In my personal email account, there is an email folder marked “A” that stores well over 300 email chains. It spans the time from when a dear friend was diagnosed with terminal cancer in the week before Christmas 2010, until the news of her death in August 2012.  When I heard about her diagnosis, I was too stunned to formulate an emotional response. (Maybe once you are a parent all you think of is in practicalities – my only response was, I have to help.) That’s where the emails came in – I offered to help her by being her virtual PA, organising as much on line for her as I could: shopping lists, informing school, organising a rota of visitors, helping her to draft her will.

 
In the first few days the messages from A and then from her friendship circle came thick and fast, organising and sharing details about her personal life, things that needed to be done, to do lists and email addresses for people to be contacted. My most urgent task was sending her news by email – first, letting people know of her illness – second, with either updates on her health and then organising a rota of people to help her and visit her. I read some of them back recently, asking myself  – was I sensitive enough to other peoples’ feelings? Was I helpful in the information I gave – did it help her, her family or her friends? In the email folder, there are several from her, which simply said THANK YOU, or SO GLAD THIS IS OFF THE TO DO LIST!

 
An expressive talker, writer and thinker, A would normally have sent long, detailed, funny emails. But chemo was tiring.
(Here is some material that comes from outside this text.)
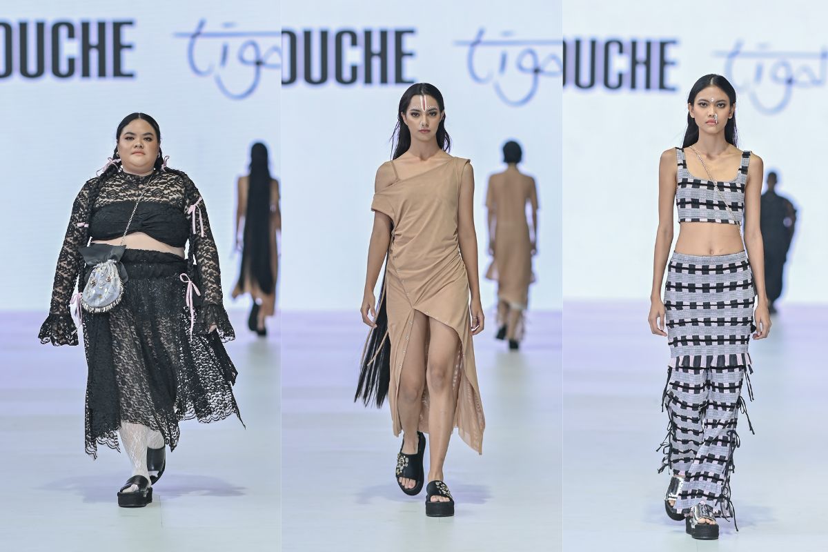 Warna-warna netral, seperti hitam, putih, dan cokelat muda juga hadir pada koleksi dari DOUCHE X Tigah Home untuk JFW 2024. Busana-busana berdesain unik dari DOUCHE berpadu apik dengan footwears khas Tigah Home dalam koleksi berjudul AttraversiamO.

Having chemo and looking after 2 young children was tiring. Being a widow with terminal cancer, having chemo and 2 children was more than tiring. So, emails became like telegrams, caps lock instead of the hug, kiss or smile, which A would give out to friends in happier times.

 
Those emails stretch across several months, like people passing a baton along a precarious and heart-rending race. They stretch over months instead of the few weeks she was told that she had left to live, one gloomy December day. Those emails gave us all hope, a lifeline – maybe she would come through this? – and in the end, a record of her.

 
“I hope …” she would often start one of the emails – and it was hope for the simplest thing, such as “ … someone can make it over to take me to chemo next week?”. “I’d love to …” started some others, as we made plans for holidays and dinners and day trips.

 
The emails in that folder from her friends, are like hands stretching out to take over the next task: a cooked meal; clearing out the garage; providing cheerful company and conversation – those hands outstretched to A holding her hands, as she faced her unfathomable burden.

 
Rest in peace, dear friend, we’ve got it covered.